**EXERCISE BRIEF**
The lines below from the one with "Durchmesser 58mm, Rondelle" up to and including the one with "- CSV/JSON 파일을 S3에 업로드 -> S3에서 REDSHIFT로 복사" are what you should set down, exactly and without pictures.

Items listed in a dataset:
Segment Open
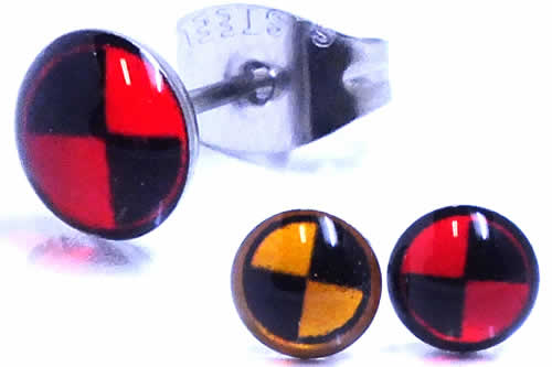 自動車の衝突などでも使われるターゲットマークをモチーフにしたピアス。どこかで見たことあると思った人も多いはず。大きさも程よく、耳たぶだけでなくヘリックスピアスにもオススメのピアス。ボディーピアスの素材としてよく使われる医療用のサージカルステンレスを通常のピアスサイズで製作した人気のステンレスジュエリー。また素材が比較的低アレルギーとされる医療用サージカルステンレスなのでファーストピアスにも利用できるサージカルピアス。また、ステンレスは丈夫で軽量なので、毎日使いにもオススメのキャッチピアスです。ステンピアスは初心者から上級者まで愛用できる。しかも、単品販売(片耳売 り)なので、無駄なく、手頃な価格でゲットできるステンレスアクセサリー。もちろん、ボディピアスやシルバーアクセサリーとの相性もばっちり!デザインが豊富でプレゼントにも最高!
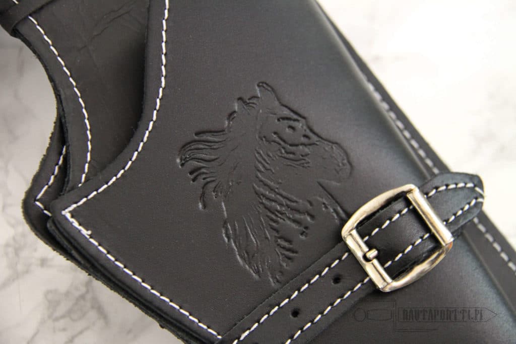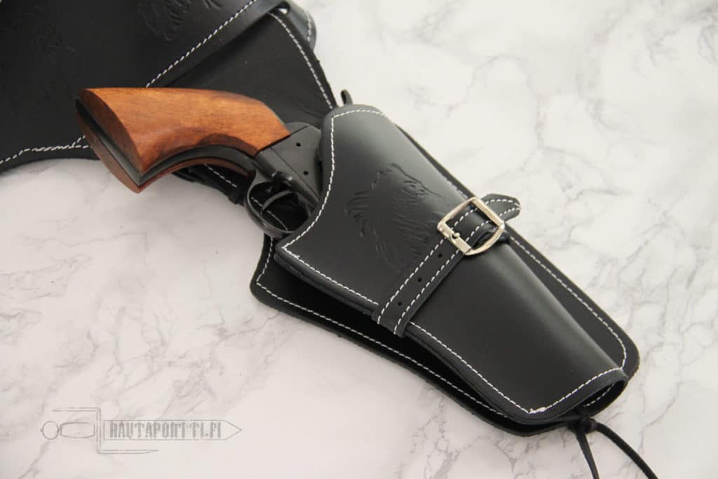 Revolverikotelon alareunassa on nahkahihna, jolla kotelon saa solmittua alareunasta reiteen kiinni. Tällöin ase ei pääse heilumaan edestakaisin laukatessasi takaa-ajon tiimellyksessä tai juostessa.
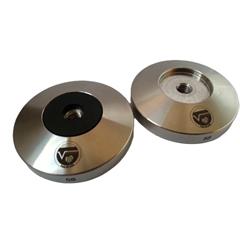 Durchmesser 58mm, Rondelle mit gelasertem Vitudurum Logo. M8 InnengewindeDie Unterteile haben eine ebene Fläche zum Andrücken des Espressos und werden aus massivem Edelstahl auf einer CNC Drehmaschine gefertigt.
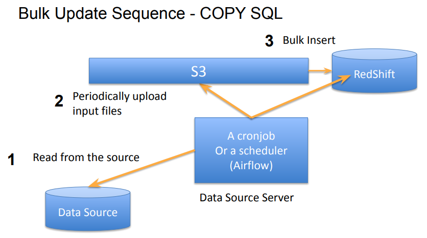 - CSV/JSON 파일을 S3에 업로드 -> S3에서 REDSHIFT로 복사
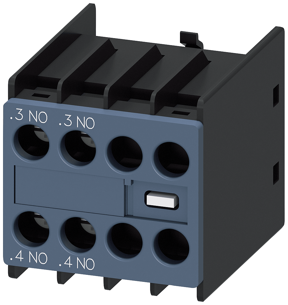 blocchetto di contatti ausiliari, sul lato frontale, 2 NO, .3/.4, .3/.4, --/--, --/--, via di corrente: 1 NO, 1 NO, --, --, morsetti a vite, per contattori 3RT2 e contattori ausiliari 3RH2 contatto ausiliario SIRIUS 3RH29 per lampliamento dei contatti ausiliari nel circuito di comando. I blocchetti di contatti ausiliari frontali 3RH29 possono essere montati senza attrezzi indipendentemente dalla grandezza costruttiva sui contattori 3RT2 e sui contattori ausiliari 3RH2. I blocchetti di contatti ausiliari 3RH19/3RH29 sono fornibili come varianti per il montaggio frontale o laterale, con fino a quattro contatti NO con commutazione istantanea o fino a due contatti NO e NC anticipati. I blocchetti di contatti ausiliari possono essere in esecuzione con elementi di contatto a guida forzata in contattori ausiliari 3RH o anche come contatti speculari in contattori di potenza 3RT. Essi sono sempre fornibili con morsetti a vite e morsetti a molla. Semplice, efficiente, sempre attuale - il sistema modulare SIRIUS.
Segment Closed
**FINISHED TASK**
 Durchmesser 58mm, Rondelle mit gelasertem Vitudurum Logo. M8 InnengewindeDie Unterteile haben eine ebene Fläche zum Andrücken des Espressos und werden aus massivem Edelstahl auf einer CNC Drehmaschine gefertigt.
 - CSV/JSON 파일을 S3에 업로드 -> S3에서 REDSHIFT로 복사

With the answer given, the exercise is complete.